Entries taken from a collection:
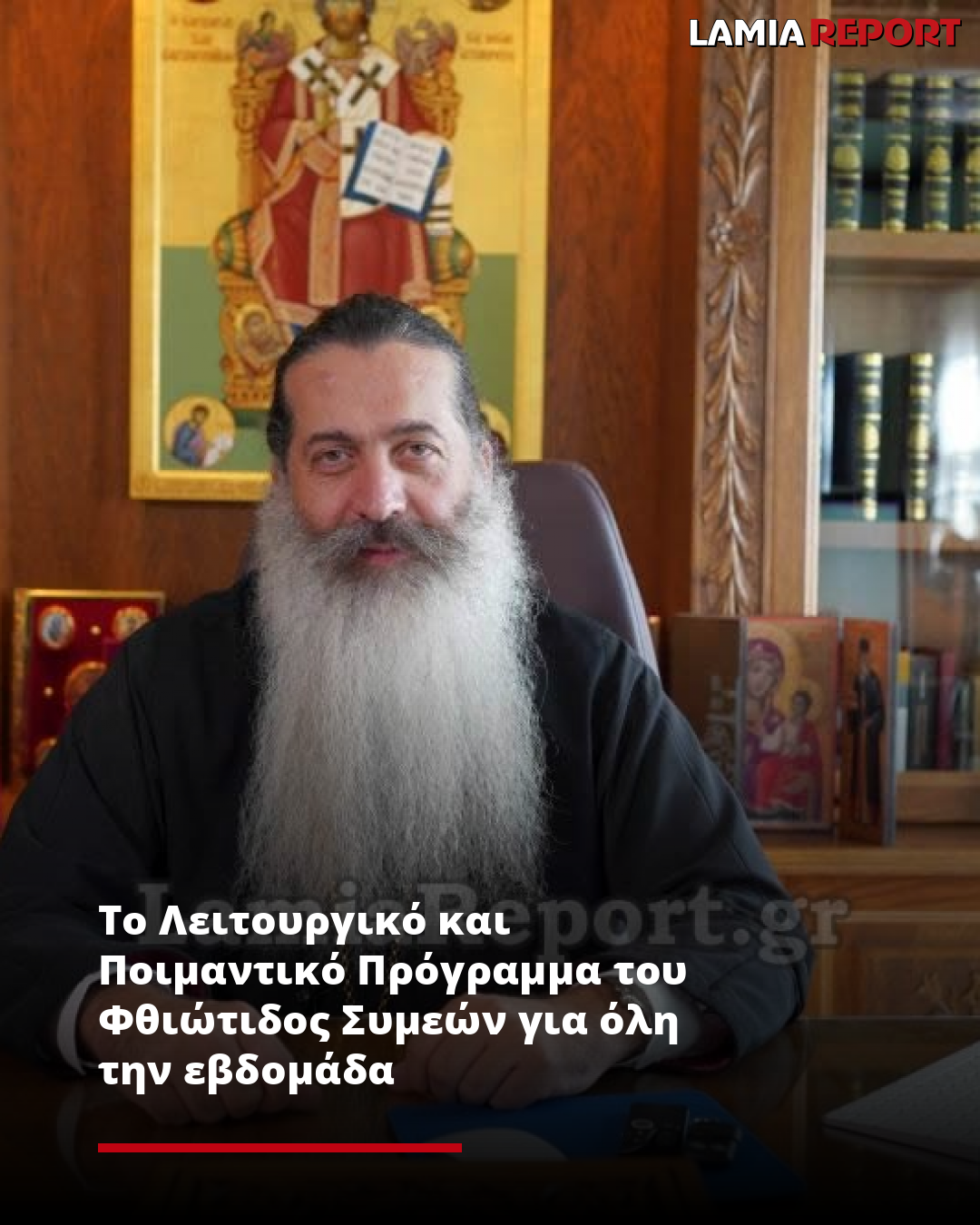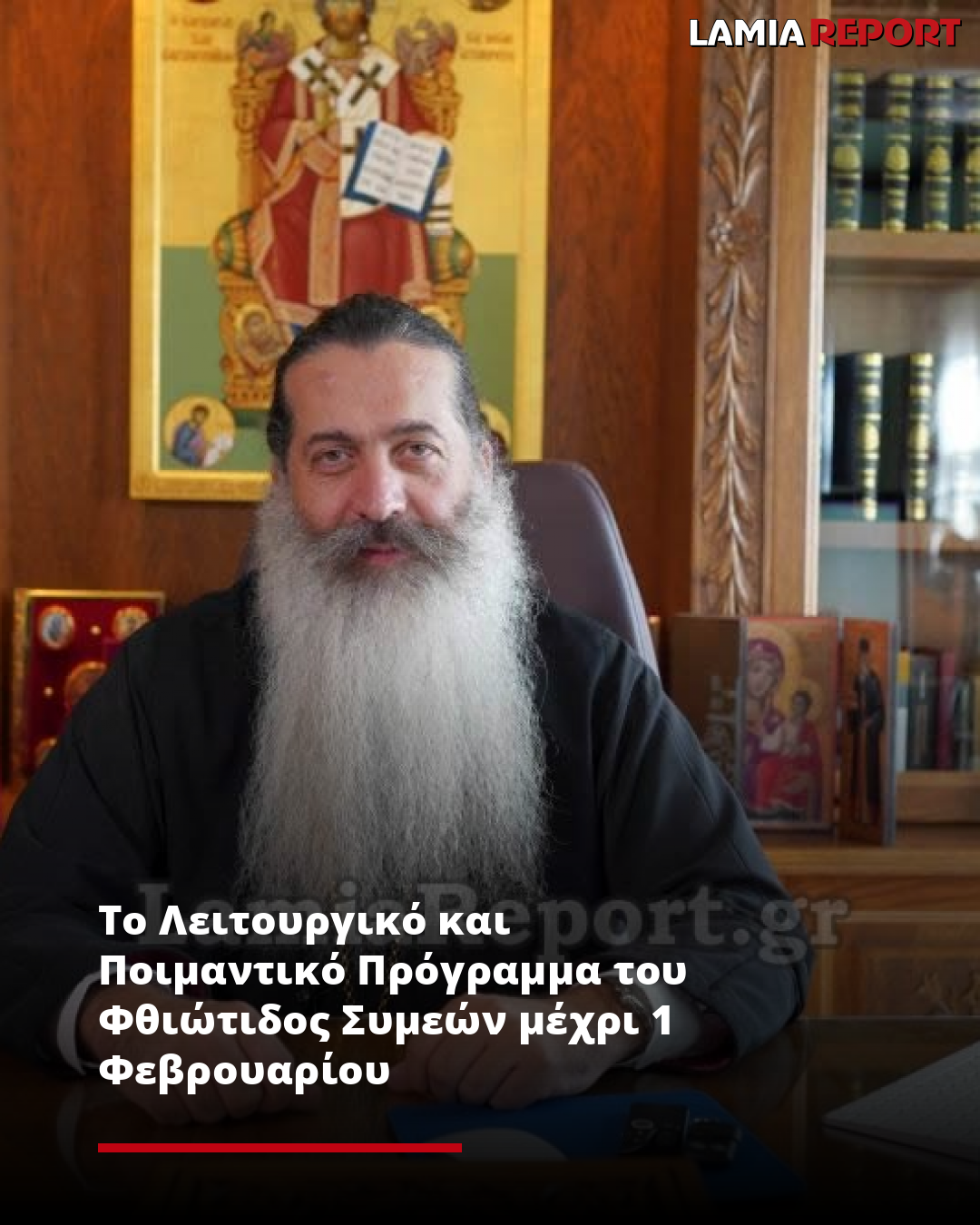 Η Ιερά Μητρόπολη Φθιώτιδος ανακοίνωσε το Λειτουργικό και Ποιμαντικό Πρόγραμμα του Σεβασμιωτάτου Μητροπολίτου Φθιώτιδος Συμεών από Δευτέρα 02 Φεβρουαρίου έως την Κυριακή 08 Φεβρουαριου 2026.
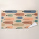 This towel set has a peach washcloth, a teal hand towel, and a bath towel with a mid-century modern design of long ovals in peach, green, blue, teal, and light brown with black lines with circles on the ends.
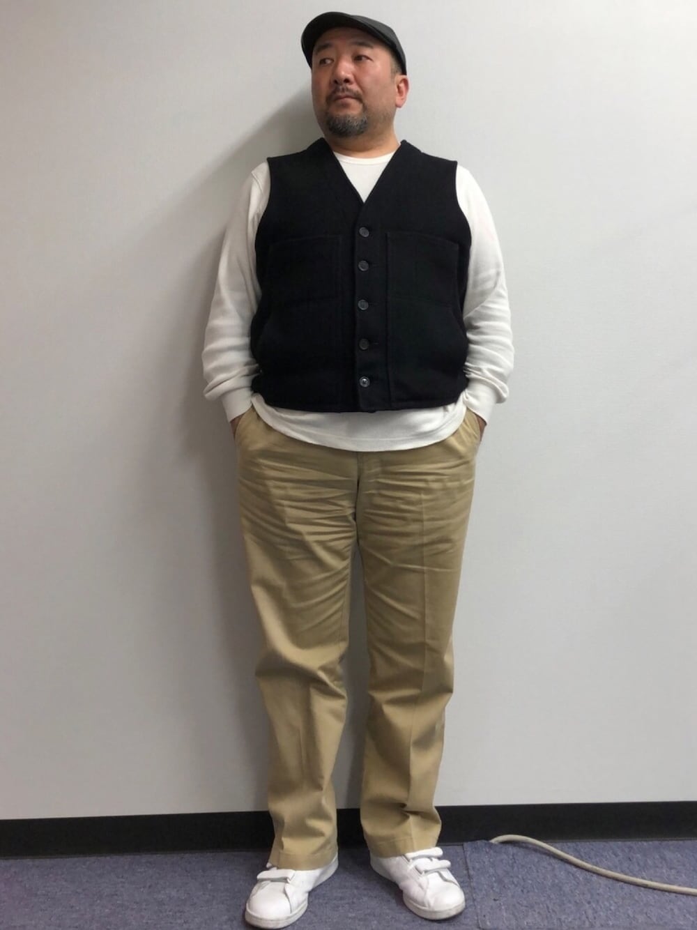 天気予報では夏日、真夏日の声が聞こえてくる今日この頃。 なのに、ウールのチョッキ着た写真……約1か月前の写真ですから。。。 もう、このチョッキはタンスにしまってあります。 でも、今でも夜になるとこのくらい着ててもいい感じの気温じゃないですか? だいぶ期間が空いてしまいました。気がつけばもう6月。今月初の投稿です。光陰矢の如し。あっという間に時間が過ぎてしまいますね。 白×黒×ベージュでシンプルにまとめました。スタンスミスのベルクロのスニーカーは、去年買ってあんまり履いてなかったんですが、今年はほとんど毎日こればかり。 履いたり脱いだりが楽チンで、つい「これでいいや!」と出かけてしまいます。 「どうしたらいいんだろう?」と考えることが多い、今日この頃です。考えたところで、いいアイデアも浮かばないんですが。 若い頃は、こういうときは「考えてるのは時間の無駄」と切り捨てることができたのですが、最近はいつまでも悩んじゃう。 考えても見つからない答え。 大学生の頃にCDを買ったDevine & StattonのアルバムThe Prince of Walesに収録されている曲でLike a blind man。 この曲が好きで、今でもたまに聴いてます。 歌詞のShe is like a blindman in a dark room looking for a black catという部分、「探しても見つかりづらい」という喩えで使われる言い回しのようです。 「盲人が暗い部屋で黒猫を探す」なんてひどい喩えですが、今の自分の心境にぴったり。軽ーい声で、優しく歌ってくれるので、少し気持ちが軽くなります。
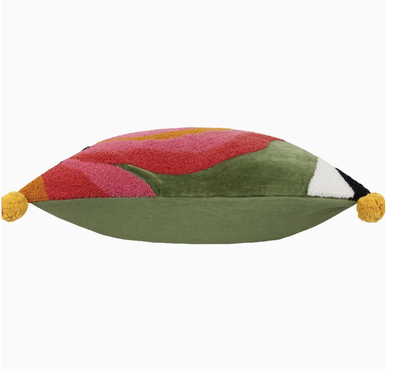 Het Poppy-kussen is voorzien van een levendig gekleurde abstracte geborduurde bloem, geplaatst op een pluche groene fluwelen achtergrond. Dit ontwerp, compleet met een effen katoenen achterkant en een pomponrand in contrasterende kleur, zal in elk huis een statement maken.
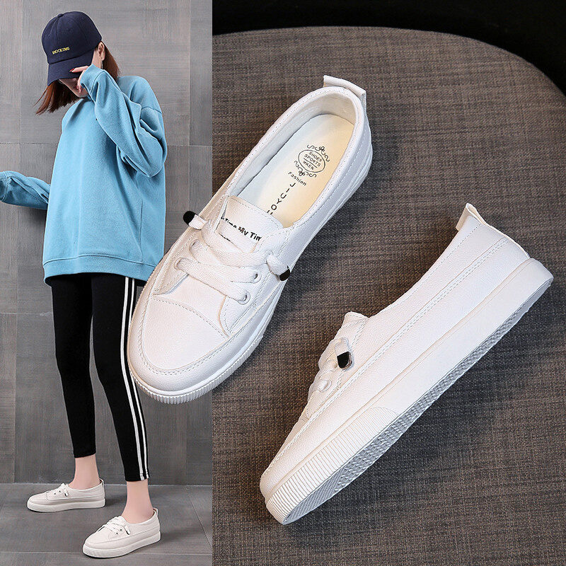 Women's Thin Low Vamp White Slip-on Casual Shoes for Summer
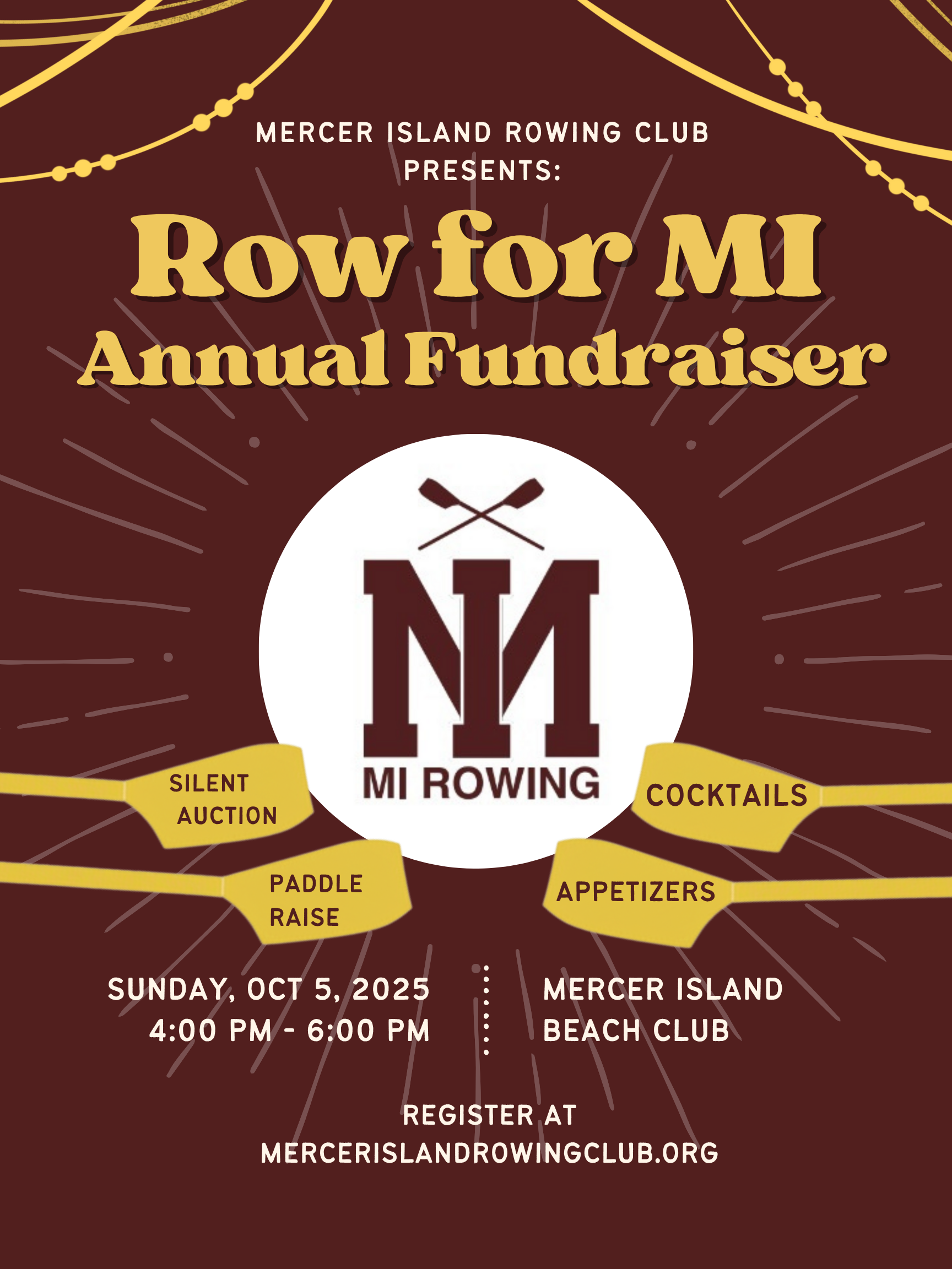 Join Mercer Island Rowing Club for their Row for MI Annual Fundraiser on Sunday, October 5th at the Mercer Island Beach Club from 4:00pm-6:00pm.

Task item: For this exercise, return the records above in full and exactly, omitting the images.

Answer for this exercise:
 Η Ιερά Μητρόπολη Φθιώτιδος ανακοίνωσε το Λειτουργικό και Ποιμαντικό Πρόγραμμα του Σεβασμιωτάτου Μητροπολίτου Φθιώτιδος Συμεών από Δευτέρα 02 Φεβρουαρίου έως την Κυριακή 08 Φεβρουαριου 2026.
 This towel set has a peach washcloth, a teal hand towel, and a bath towel with a mid-century modern design of long ovals in peach, green, blue, teal, and light brown with black lines with circles on the ends.
 天気予報では夏日、真夏日の声が聞こえてくる今日この頃。 なのに、ウールのチョッキ着た写真……約1か月前の写真ですから。。。 もう、このチョッキはタンスにしまってあります。 でも、今でも夜になるとこのくらい着ててもいい感じの気温じゃないですか? だいぶ期間が空いてしまいました。気がつけばもう6月。今月初の投稿です。光陰矢の如し。あっという間に時間が過ぎてしまいますね。 白×黒×ベージュでシンプルにまとめました。スタンスミスのベルクロのスニーカーは、去年買ってあんまり履いてなかったんですが、今年はほとんど毎日こればかり。 履いたり脱いだりが楽チンで、つい「これでいいや!」と出かけてしまいます。 「どうしたらいいんだろう?」と考えることが多い、今日この頃です。考えたところで、いいアイデアも浮かばないんですが。 若い頃は、こういうときは「考えてるのは時間の無駄」と切り捨てることができたのですが、最近はいつまでも悩んじゃう。 考えても見つからない答え。 大学生の頃にCDを買ったDevine & StattonのアルバムThe Prince of Walesに収録されている曲でLike a blind man。 この曲が好きで、今でもたまに聴いてます。 歌詞のShe is like a blindman in a dark room looking for a black catという部分、「探しても見つかりづらい」という喩えで使われる言い回しのようです。 「盲人が暗い部屋で黒猫を探す」なんてひどい喩えですが、今の自分の心境にぴったり。軽ーい声で、優しく歌ってくれるので、少し気持ちが軽くなります。
 Het Poppy-kussen is voorzien van een levendig gekleurde abstracte geborduurde bloem, geplaatst op een pluche groene fluwelen achtergrond. Dit ontwerp, compleet met een effen katoenen achterkant en een pomponrand in contrasterende kleur, zal in elk huis een statement maken.
 Women's Thin Low Vamp White Slip-on Casual Shoes for Summer
 Join Mercer Island Rowing Club for their Row for MI Annual Fundraiser on Sunday, October 5th at the Mercer Island Beach Club from 4:00pm-6:00pm.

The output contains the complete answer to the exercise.